III. Legal and Factual Sufficiency

          By their third and fourth issues, Unique and Bradford assert that the evidence supporting the jury’s verdict is legally and factually insufficient. We disagree.

a.       Standard of Review and Applicable Law

          An appellate court will sustain a legal sufficiency or “no-evidence” challenge if the record shows: (1) the complete absence of a vital fact; (2) the court is barred by rules of law or evidence from giving weight to the only evidence offered to prove a vital fact; (3) the evidence offered to prove a vital fact is no more than a scintilla; or (4) the evidence establishes conclusively the opposite of the vital fact. City of Keller, 168 S.W.3d at 810. In conducting a legal sufficiency review, we must consider the evidence in the light most favorable to the jury’s verdict and indulge every reasonable inference that supports it. Id. at 821-22; Harris County v. Vernagallo, 181 S.W.3d 17, 24 (Tex. App.–Houston [14th Dist.] 2005, no pet.); Prairie View A&M Univ. v. Brooks, 180 S.W.3d 694, 705 (Tex. App.–Houston [14th Dist.] 2005, no pet.). The evidence is legally sufficient if it would enable reasonable and fair-minded people to reach the decision under review. See City of Keller, 168 S.W.3d at 827-28; Vernagallo, 181 S.W.3d at 24; Brooks, 180 S.W.3d at 705. We must credit favorable evidence if a reasonable trier of fact could have so found, and disregard contrary evidence unless a reasonable trier of fact could not have so found.
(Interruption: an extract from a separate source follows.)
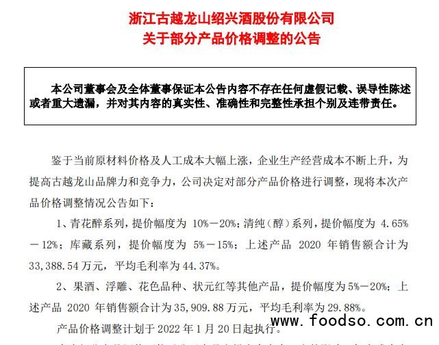 具體來(lái)看,公告稱(chēng),鑒于當(dāng)前原材料價(jià)格及人工成本大幅上漲,企業(yè)生產(chǎn)經(jīng)營(yíng)成本不斷上升,為提高古越龍山品牌力和競(jìng)爭(zhēng)力,公司決定對(duì)部分產(chǎn)品價(jià)格進(jìn)行調(diào)整。
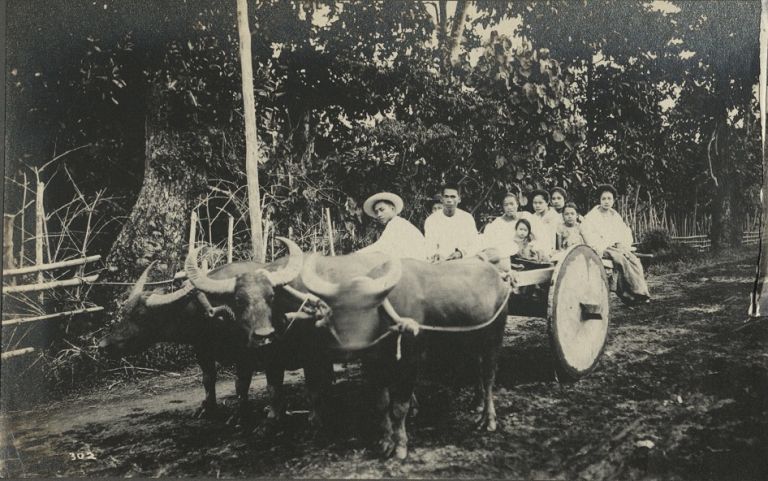 Subject: Typical rural Philippine transportation - a team of carabao pull a cart full of Filipinos down a muddy road. The people are all well dressed - perhaps they are going to church or an event.

Ingram, 288 S.W.3d at 893; Hogue, 271 S.W.3d at 248; City of Keller, 168 S.W.3d at 827. The trier of fact is the sole judge of the witnesses’ credibility and the weight to be given their testimony. City of Keller, 168 S.W.3d at 819; Vernagallo, 181 S.W.3d at 24; Brooks, 180 S.W.3d at 705. Moreover, in reviewing the sufficiency of the evidence, we may not substitute our own judgment for that of the trier of fact, even if we would reach a different answer on the evidence. See Mar. Overseas Corp. v. Ellis, 971 S.W.2d 402, 407 (Tex. 1998); Scoggins Constr. Co. v. Dealers Elec. Supply Co., No. 13-06-00368-CV, 2009 Tex. App. LEXIS 8171, at *9 (Tex. App.–Corpus Christi Oct. 22, 2009, pet. denied) (mem. op. on remand).
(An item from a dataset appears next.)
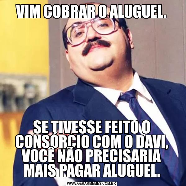 VIM COBRAR O ALUGUEL. SE TIVESSE FEITO O CONSÓRCIO COM O DAVI, VOCÊ NÃO PRECISARIA MAIS PAGAR ALUGUEL.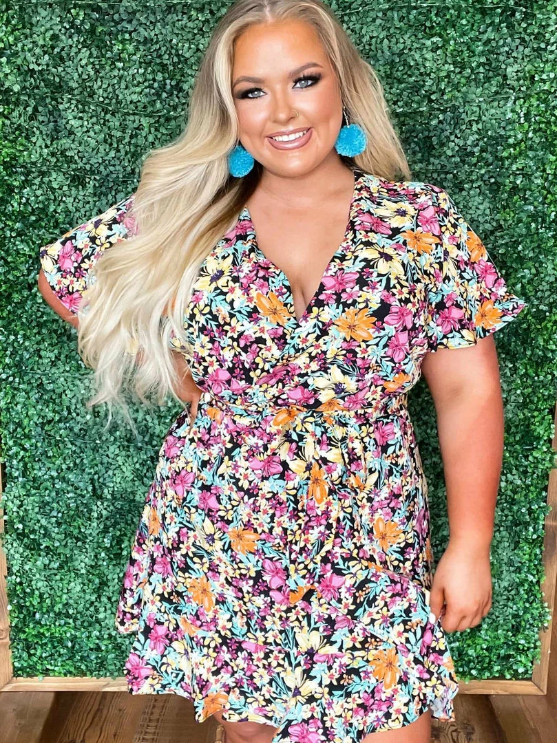 Your go-to floral dress for summer! This wrap dress has a black base with beautiful pink, yellow and blue floral print throughout. The wrap top and flowy sleeves are figure flattering for every size! Back zipper.

          In reviewing the factual sufficiency of the evidence, we consider and weigh all of the evidence in the case and set aside the verdict and remand the cause for a new trial, if we conclude, viewing the evidence in a neutral light, that the verdict is so against the great weight and preponderance of the evidence as to be manifestly unjust, regardless of whether the record contains some “evidence of probative force” in support of the verdict. See Golden Eagle Archery, Inc. v. Jackson, 116 S.W.3d 757, 761-62 (Tex. 2003); see also Cain v. Bain, 709 S.W.2d 175, 176 (Tex. 1986) (per curiam). The evidence supporting the verdict is to be weighed along with the other evidence in the case, including that which is contrary to the verdict. Jackson, 116 S.W.3d at 761-62. If we determine that the evidence supporting the jury’s verdict is not supported by factually sufficient evidence, we must “detail the evidence relevant to the issue” and “state in what regard the contrary evidence greatly outweighs the evidence in support of the verdict.” Dow Chem Co. v. Francis, 46 S.W.3d 237, 242 (Tex. 2001) (per curiam).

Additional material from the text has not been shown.